[Source material]
== == ==

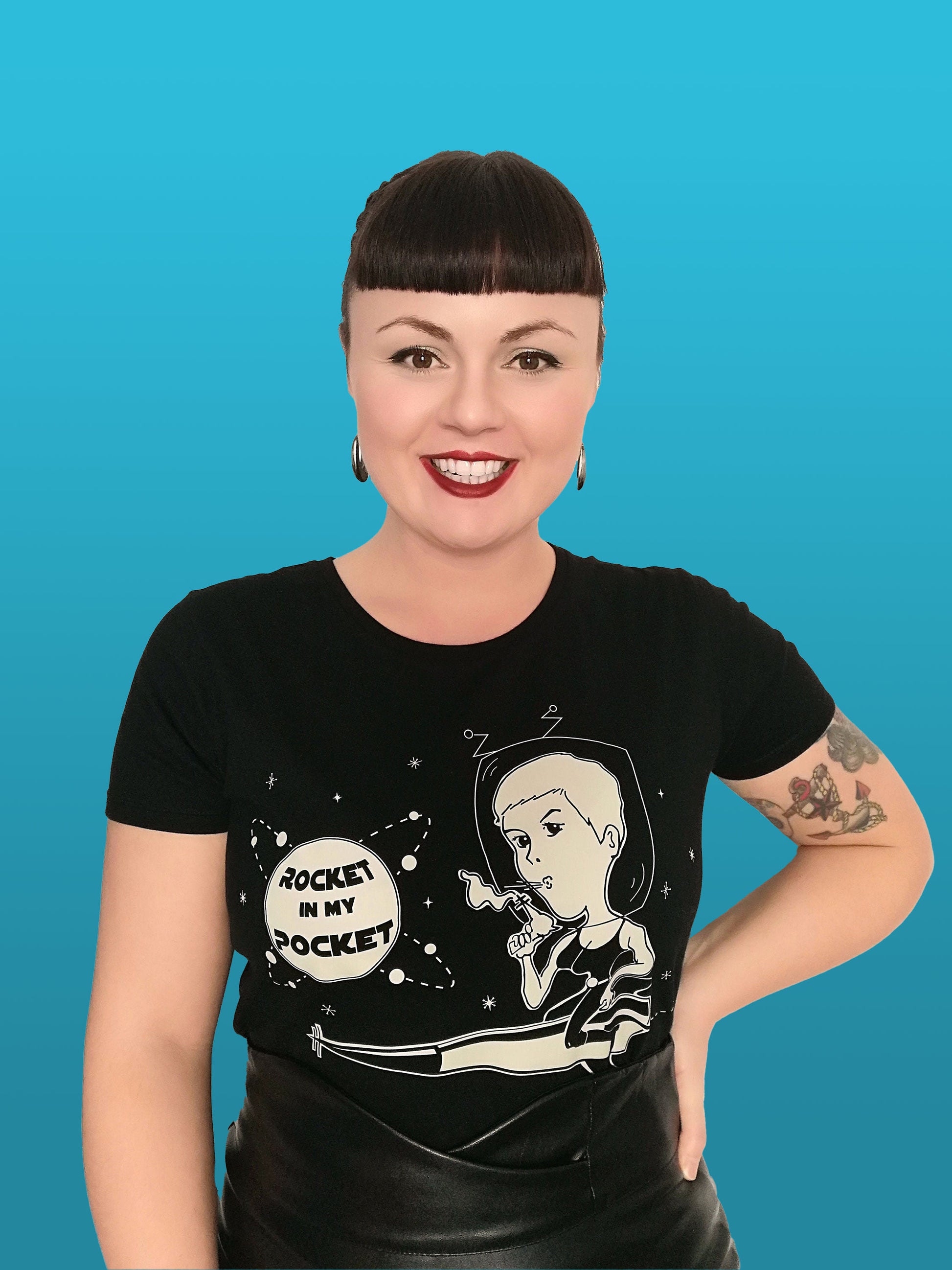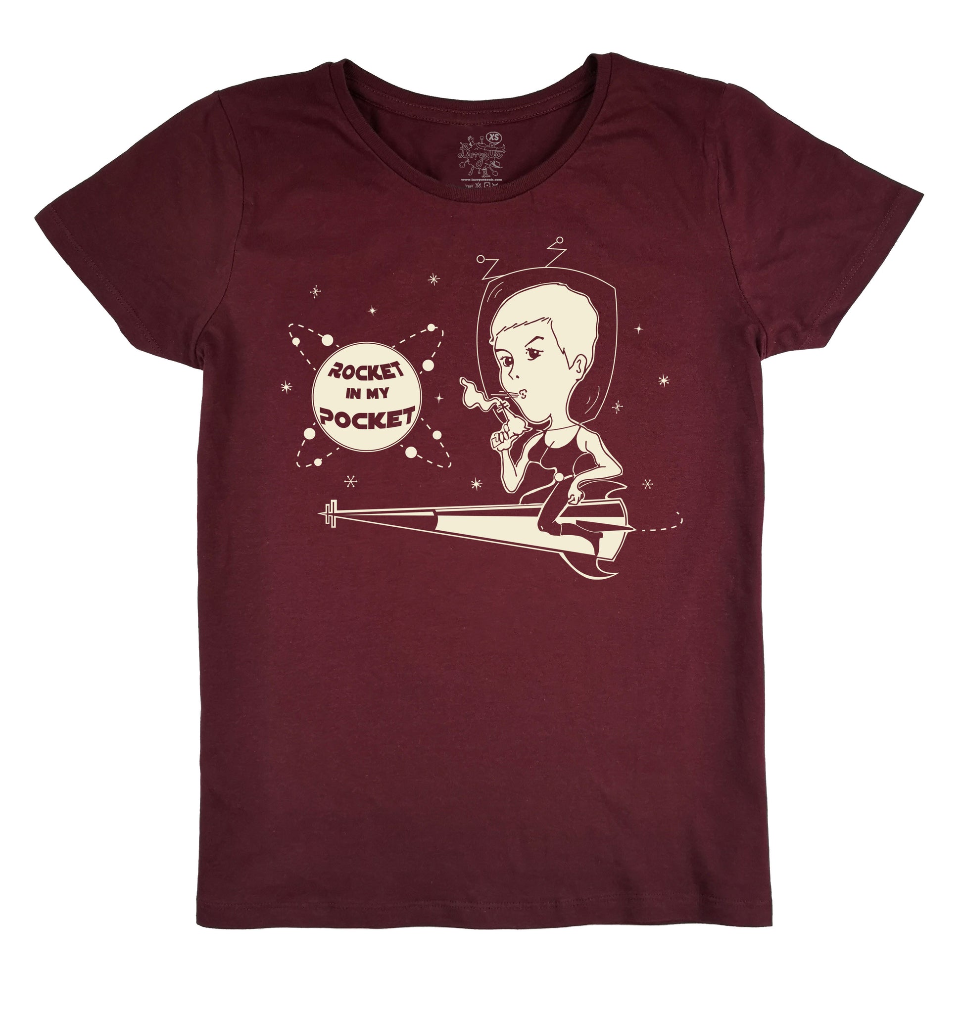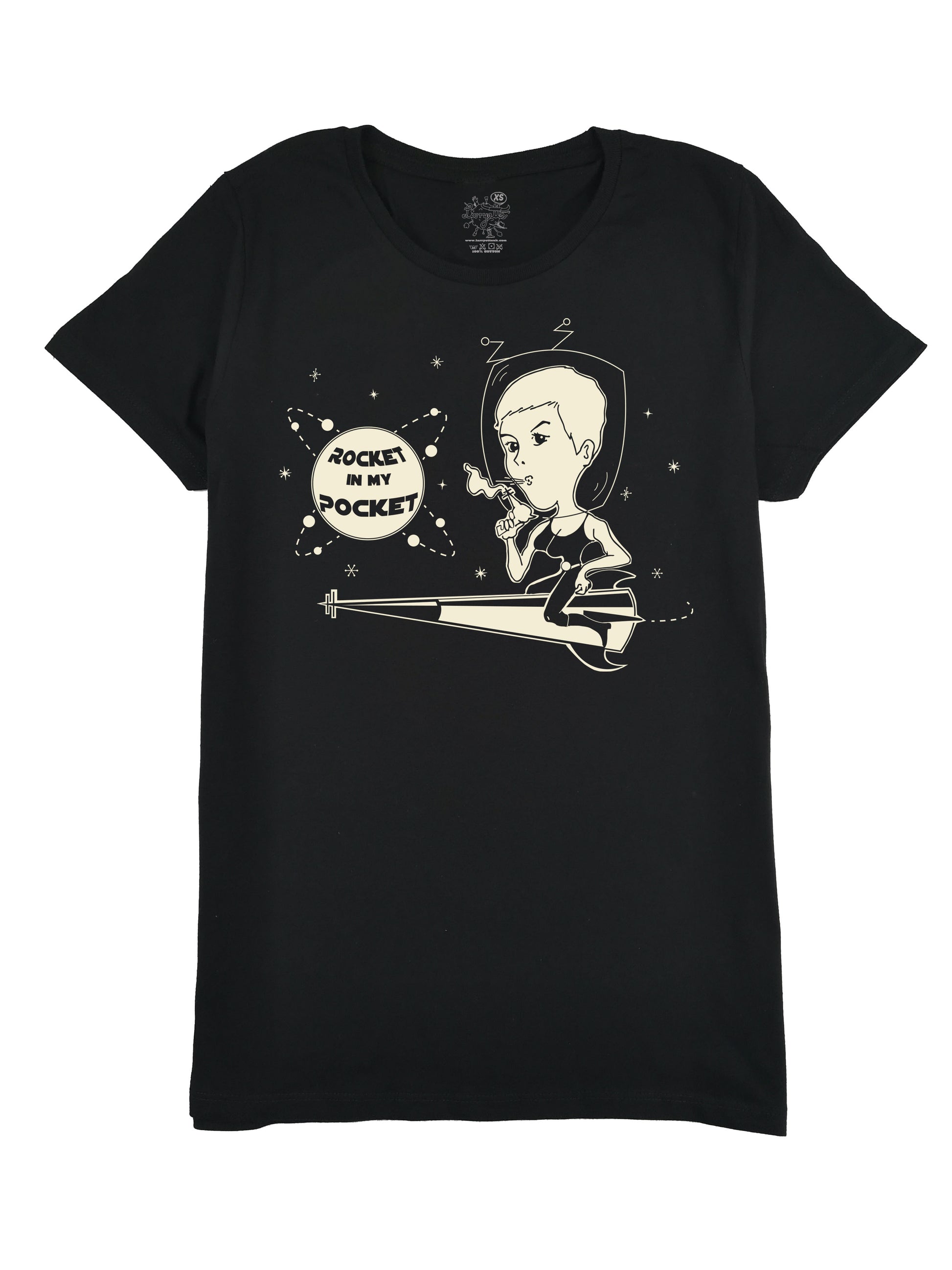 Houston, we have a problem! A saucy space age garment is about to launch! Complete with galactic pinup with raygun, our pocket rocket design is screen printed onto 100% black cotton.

== == ==

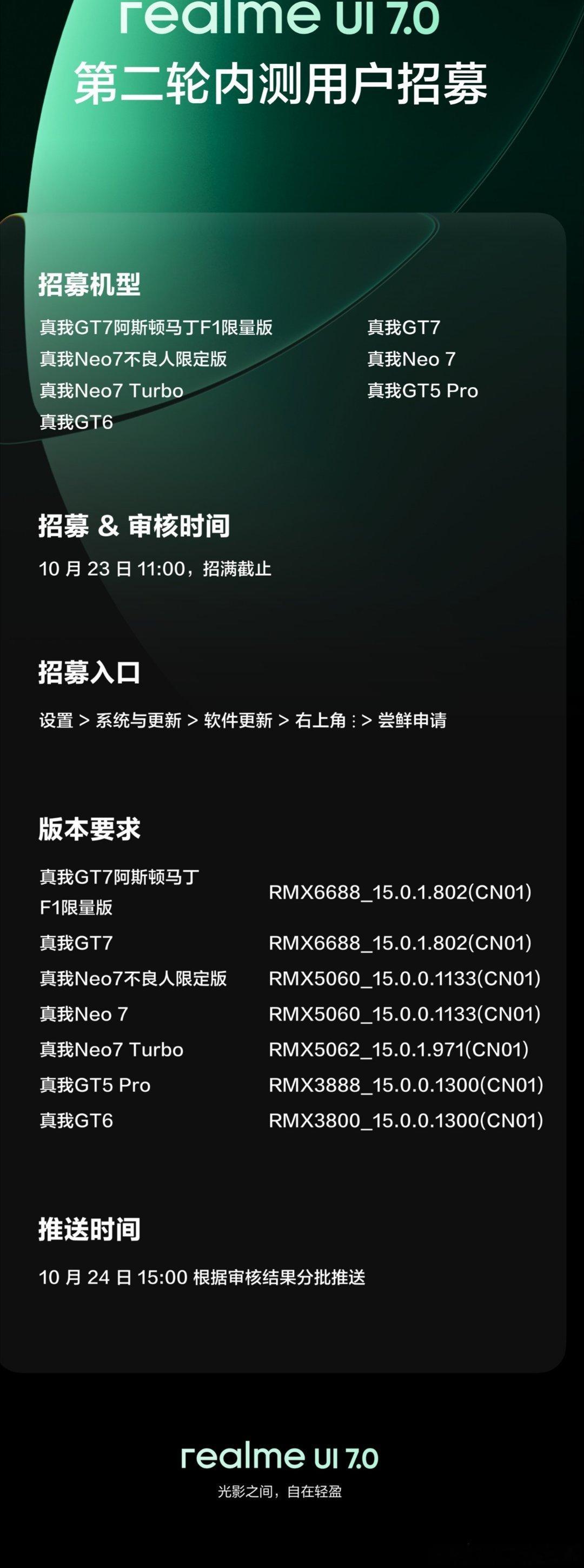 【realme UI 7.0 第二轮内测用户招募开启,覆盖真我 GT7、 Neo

== == ==

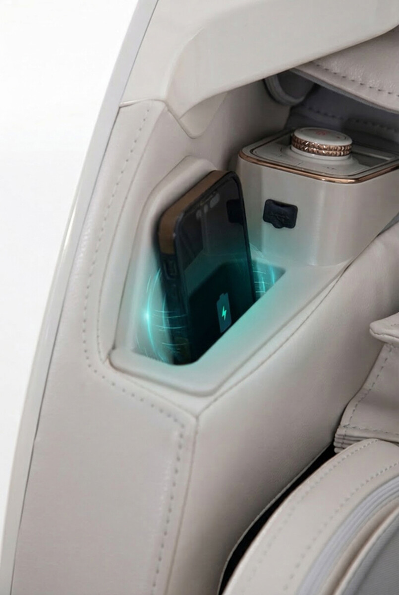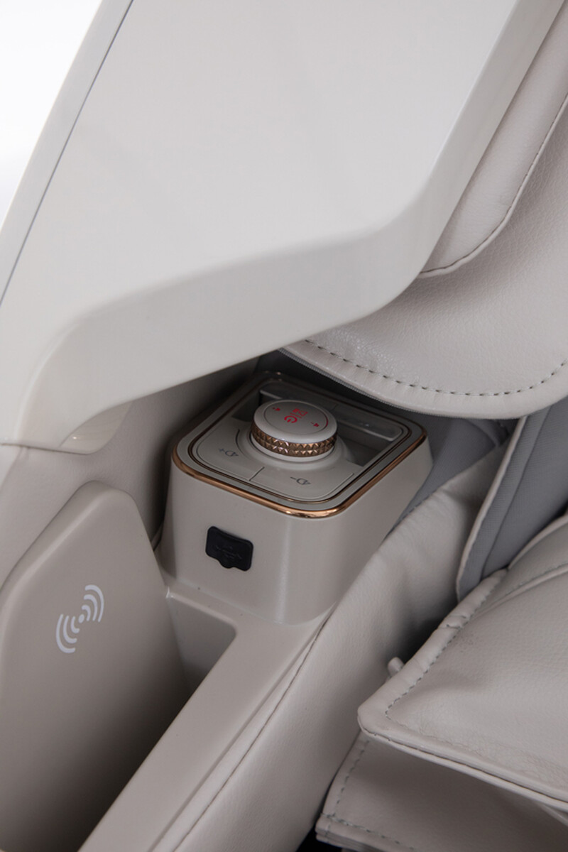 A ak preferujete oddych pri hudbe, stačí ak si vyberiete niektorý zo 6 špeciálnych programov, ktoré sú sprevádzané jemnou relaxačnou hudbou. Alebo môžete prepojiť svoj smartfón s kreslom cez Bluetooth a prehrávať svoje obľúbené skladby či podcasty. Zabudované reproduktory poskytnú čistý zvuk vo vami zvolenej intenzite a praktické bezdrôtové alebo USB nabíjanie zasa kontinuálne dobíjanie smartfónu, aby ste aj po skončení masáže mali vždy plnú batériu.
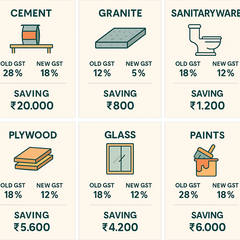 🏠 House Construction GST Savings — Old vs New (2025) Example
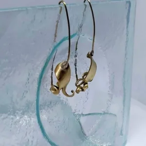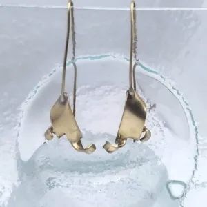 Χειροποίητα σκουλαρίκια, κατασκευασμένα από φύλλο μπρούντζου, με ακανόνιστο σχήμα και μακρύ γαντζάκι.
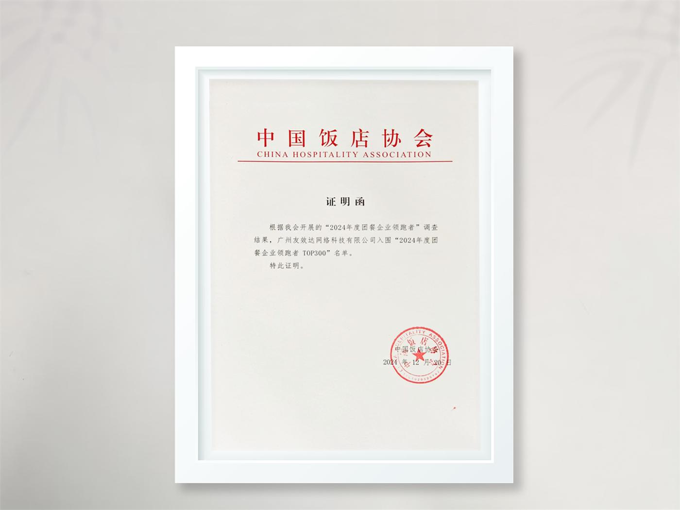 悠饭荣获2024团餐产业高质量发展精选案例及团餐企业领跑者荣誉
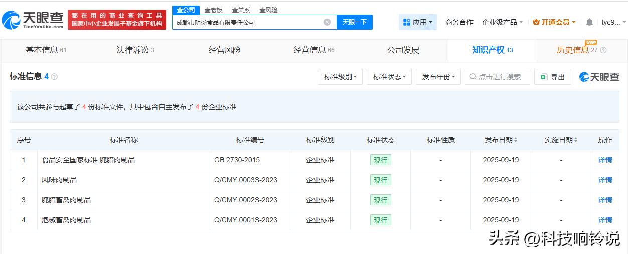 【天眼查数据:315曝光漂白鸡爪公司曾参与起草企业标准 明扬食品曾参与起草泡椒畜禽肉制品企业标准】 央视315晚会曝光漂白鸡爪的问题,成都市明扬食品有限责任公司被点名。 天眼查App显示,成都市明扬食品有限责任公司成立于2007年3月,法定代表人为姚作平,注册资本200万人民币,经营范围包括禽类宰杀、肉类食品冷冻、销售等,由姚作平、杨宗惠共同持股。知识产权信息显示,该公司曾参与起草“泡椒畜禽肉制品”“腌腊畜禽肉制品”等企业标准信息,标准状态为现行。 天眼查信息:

== == ==

[Task objective] Starting at the line containing "A ak preferujete" and stopping at the line containing "悠饭荣获2024团餐产业高质量发展精选案例及团餐企业领跑者荣誉", output each line exactly as it appears above. Leave out the pictures.

[Written solution]
 A ak preferujete oddych pri hudbe, stačí ak si vyberiete niektorý zo 6 špeciálnych programov, ktoré sú sprevádzané jemnou relaxačnou hudbou. Alebo môžete prepojiť svoj smartfón s kreslom cez Bluetooth a prehrávať svoje obľúbené skladby či podcasty. Zabudované reproduktory poskytnú čistý zvuk vo vami zvolenej intenzite a praktické bezdrôtové alebo USB nabíjanie zasa kontinuálne dobíjanie smartfónu, aby ste aj po skončení masáže mali vždy plnú batériu.
 🏠 House Construction GST Savings — Old vs New (2025) Example
 Χειροποίητα σκουλαρίκια, κατασκευασμένα από φύλλο μπρούντζου, με ακανόνιστο σχήμα και μακρύ γαντζάκι.
 悠饭荣获2024团餐产业高质量发展精选案例及团餐企业领跑者荣誉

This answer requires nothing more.